# Butterley engineering



## Mikeymutt (Apr 26, 2016)

Visited here with a few friends,it was a chance explore.we pulled up to stretch our legs and have a bite to eat after finishing an explore.i said to them look we are parked right outside this large derelict industrial site.the others were not bothered about it and said it did not look that good.but anyone who knows me well knows I was itching to get in there.so they said you go have a look.so I had a wander around and said it is quite good.so they came in.they just stayed in the main room with the stairs and cranes while I went exploring the whole site.

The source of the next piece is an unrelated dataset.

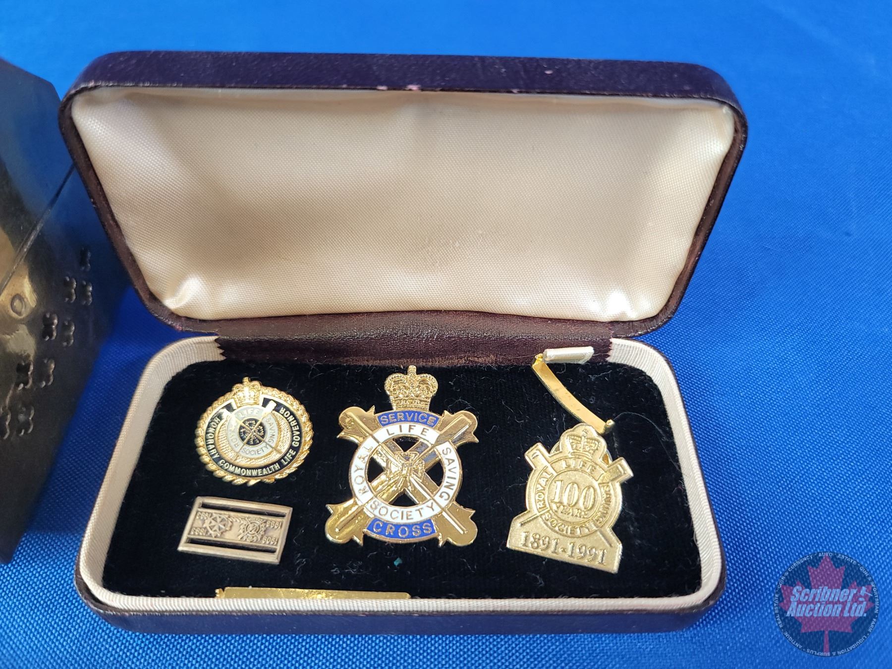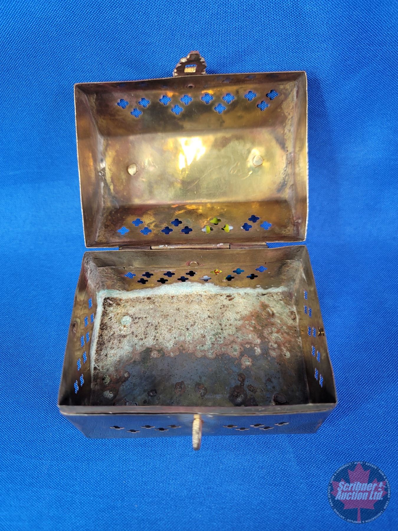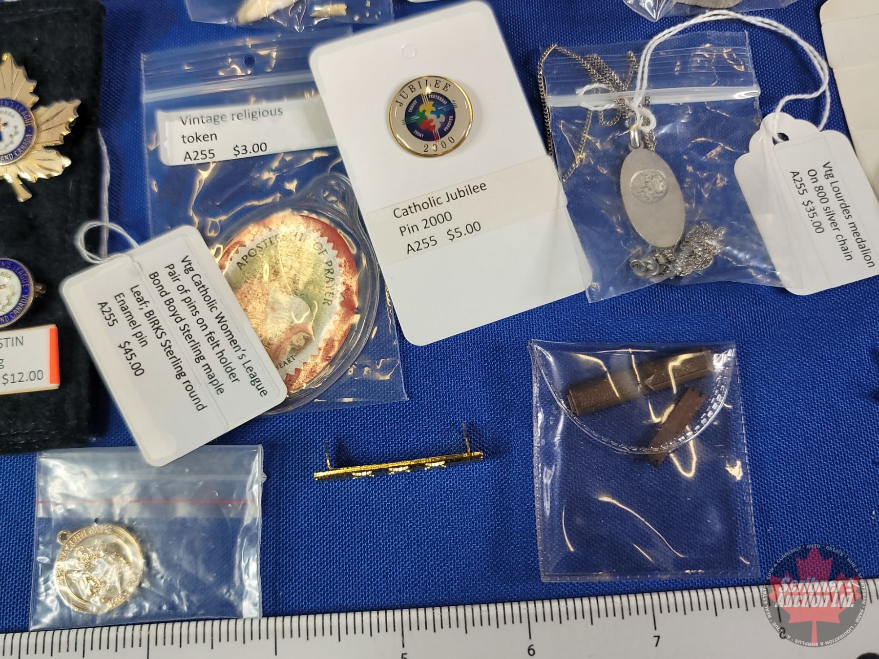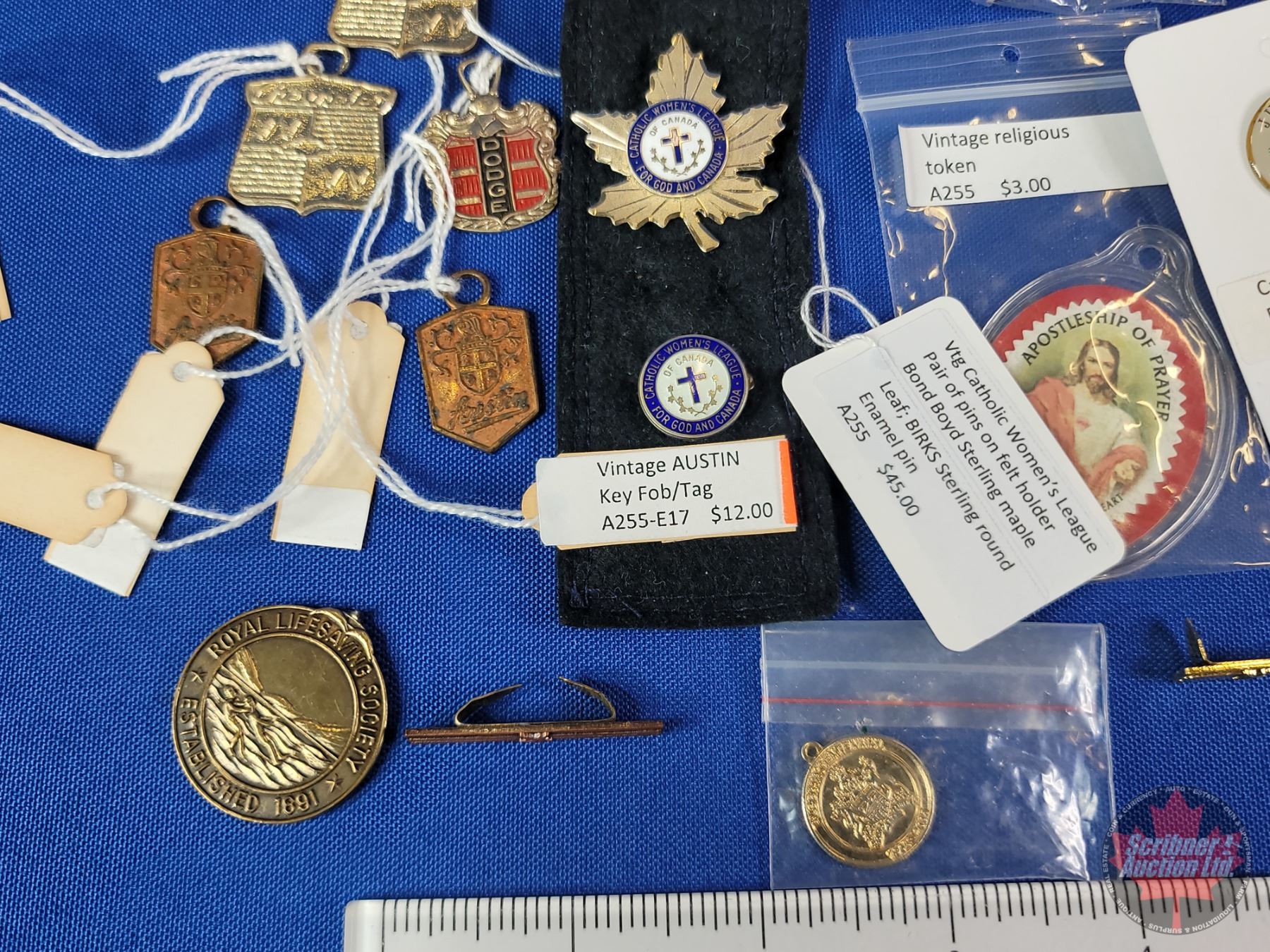 Brass Cricket Box w/Pins, Medallions, Tokens, Shark Tooth, Wade Ornament, Tie Clip, Key Tag, etc (Bo

Butterley engineering was a company founded in 1790 by Benjamin outram.the company was very specicialist in its works,they built the Vauxhall bridge over the river Thames.the Barlow train shed at st Pancras station.at its height it employed over ten thousand people and was producing overhead cranes and bridges.in 2009the company was put into administration and shut its doors with the downturn in the market.demolition teams were quickly on site.looking at old pics the site was massive originally and incorporated train lines.it still has its own underground canal.that would be interesting to see.and it has been explored in the past.the net would have you believe it was all demolished.but it's not.there is several buildings left and they are very nice.









































































Here you go smiler


----------



## HughieD (Apr 26, 2016)

That looks pretty awesome to me and that spiral staircase is ace. But, then again, you make everywhere you go look great!


----------



## MD (Apr 26, 2016)

the paperwork room is awesome here 

you covered the site well


----------



## Luise (Apr 26, 2016)

Love the staircase. Place looks amazing.


----------



## smiler (Apr 26, 2016)

I enjoy having a bit of history to go with the pics and you worked overtime on this report, much appreciated, Thanks
Nice Belfast


----------



## thorfrun (Apr 26, 2016)

love that spiral staircase, great shots


----------



## oldscrote (Apr 27, 2016)

Love this,reckon pictures 2 and 3 show old patterns as used in a foundry

https://en.wikipedia.org/wiki/Pattern_(casting)


----------



## lonewolf (Apr 27, 2016)

Some great shots there!


----------



## jsp77 (Apr 27, 2016)

thats a very nice place there Mikey, very photogenic, loved the stairs.


----------



## flyboys90 (Apr 27, 2016)

What a smasher and the spiral staircase is a real belter.


----------



## Dirus_Strictus (Apr 27, 2016)

oldscrote said:


> Love this,reckon pictures 2 and 3 show old patterns as used in a foundry



Yes they do, but they have been well messed with now. The original pattern 'room' contained about 20 times that amount, some going back to Victorian times.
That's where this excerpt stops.